What First-Time Buyers Need To Know
Buying Your First Home
Knowing exactly what you need to do and how to go about it when it comes to getting on the property ladder for the first time can be confusing. From understanding how much money you need to put down as a deposit and how to get approved for the best-suited mortgage to knowing how to find the best home insurance policy and even what the best day of the week to move is, the housing market can be a potential minefield for first-time buyers.
Here at Chill Insurance, we offer plenty of free information to those looking to purchase their first home. To get you started, this guide looks at some of the essential information all first-time buyers need to know.
What constitutes a first-time buyer?
According to the official Central Bank of Ireland definition, a first-time buyer (FTB) is an individual who has never before, either by themselves or with others, purchased a house, apartment, or a site to build a home, in Ireland or abroad. When it comes to applying this definition to the sale and purchase of mortgages, a FTB is, “a borrower to whom no housing loan has ever before been advanced”.
But why is this distinction so important? Well, traditionally in Ireland, there were significant tax advantages of being a FTB - stamp duty was not required to be paid and a ‘tax relief source’ (TRS) on first-time mortgage interest was provided. However, TRS was abolished in 2012 and stamp duty rates were introduced in 2010 for FTBs.
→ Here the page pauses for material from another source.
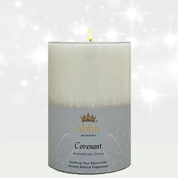 Our hand-poured, palm-wax pillars produce an exquisite design in each candle and burns cleaner than paraffin. The elegant label conveys the spiritual information about this custom-blended Abba Christian Product’s fragrance, complete with scripture verse. Approximate burn time: 50-60 hrs. Our Covenant fragrance speaks of the commitment and devotion of the parties entering a Covenant Relationship, both in the Marriage Covenant and in the Believer's Covenant with the All Mighty One. The Bible is filled with many scriptures that compare the marriage covenant on earth with the covenant between the Creator and His people. Abba Christian Product’s Covenant fragrance is a delicate blend of 4 fragrances that represent the three participants of the Biblical Marriage Covenant: Bridegroom - Frankincense & Myrrh; Bride - Spikenard; and the Holy Spirit - Hyssop.
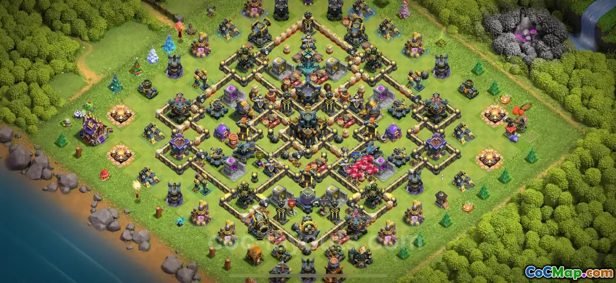 Overall, this setup is tailored to offer the best anti-two-star defense at Town Hall 17, with strategic placements of defenses, walls, heroes, and traps to challenge attackers continuously. The combination aims to maximize the base’s resilience in both attack and defense scenarios, especially in the 2025 seasons of Clash of Clans. Players seeking a reliable hybrid base to protect their resources and trophies at this level can consider adopting this design for improved defensive performance.

That being said, there are still a number of key differences between FTB and Second and subsequent borrowers (SSB) that make this definition necessary. Firstly, FTBs only require a deposit of 10 per cent of a property’s purchase price, while SSBs typically need a minimum deposit of 20 per cent. Secondly, FTBs can take advantage of the Help to Buy rebate. This scheme is designed to aid FTBs in obtaining their deposit by providing a refund on income tax and deposit interest retention tax.
Can I get a first-time buyer mortgage?
Specialist FTB mortgages are available that differ from the mortgages on the market for SSBs. As a rule, a mortgage to the value of up to 3.5 times your annual income is available for FTBs. For joint applicants, this figure is based on a combined gross income. As discussed above, unlike SSBs that require a 20 per cent deposit in order to secure a mortgage, FTBs can borrow up to 90 per cent of the property value, therefore only requiring a 10 per cent deposit.
How do you get approved for a mortgage?
For the vast majority of people, before you can purchase a house you first need mortgage approval. At this point, it’s worth remembering that a mortgage is a long-term commitment between yourself and a bank - one that can last as long as 35 years - so you need to be certain that you have thought everything over properly and are personally ready for such a big commitment. Once you have decided that you’re ready, you need to prepare for mortgage approval. The process of getting yourself ready to apply for a mortgage can often take a few years and involves putting money aside to save for a deposit, paying off any other personal loans or credit card debts and generally working on managing your finances in a way that will pass the scrutiny of a bank’s lending officer.
Although FTBs do enjoy the benefits provided as part of the Help to Buy rebate incentive scheme, as well as lower deposit requirements, in order to secure a FTB mortgage, the key principles of mortgage approval still apply. These are:
- Your income should be secure - bear in mind that if you are a joint applicant, the incomes of both you and your partner need to be judged as secure.
- You have the correct cash deposit available - as a FTB, a 10 per cent deposit is required. For example, if the house you want to purchase costs €250,000, a cash deposit of €25,000 is needed. It is also important to remember that money for stamp duty and legal fees is required.
- You can supply acceptable evidence of affordability - this will be examined by your mortgage provider to ensure you can afford the repayments attached to the mortgage you have been offered, and can include a detailed analysis of your recent spending and savings patterns and rent payments.
- You have a good credit history and rating - your credit rating is based on your historic ability to repay loans. A well-managed financial history, with no loan or credit card debt, will mean you have a strong credit history. This in turn should make it easier for you to be approved for a mortgage.
How do deposits work?
A mortgage deposit is simply the amount of money a buyer must contribute upfront towards the property they are buying. As previously mentioned, the Central Bank of Ireland has set different rules regarding the level of deposit you need to pay based on whether you are a FTB or a SSB.
To reiterate, a FTB minimum deposit of 10 per cent is needed, with the bank paying the remaining 90 per cent. This 90 per cent is the amount you must repay with your long-term monthly repayments. For example, if you can afford to purchase a house for €250,000, your mortgage provider will lend you up to €225,000. You will be required to pay the remaining €25,000 yourself in the form of your deposit.
Similarly, if you are a SSB, you can typically borrow up to 80 per cent of the value of the property, leaving you to pay a deposit of 20 per cent upfront.
What is the best day to move house?
Although, on the face of it, the best day to move house is completely subjective and depends on your own personal circumstances, Friday tends to be a most popular moving day. Providing a gateway to the weekend, booking a Friday off work to complete your move allows for three consecutive days to deal with any unplanned issues, unpack and generally start to get settled in your new home.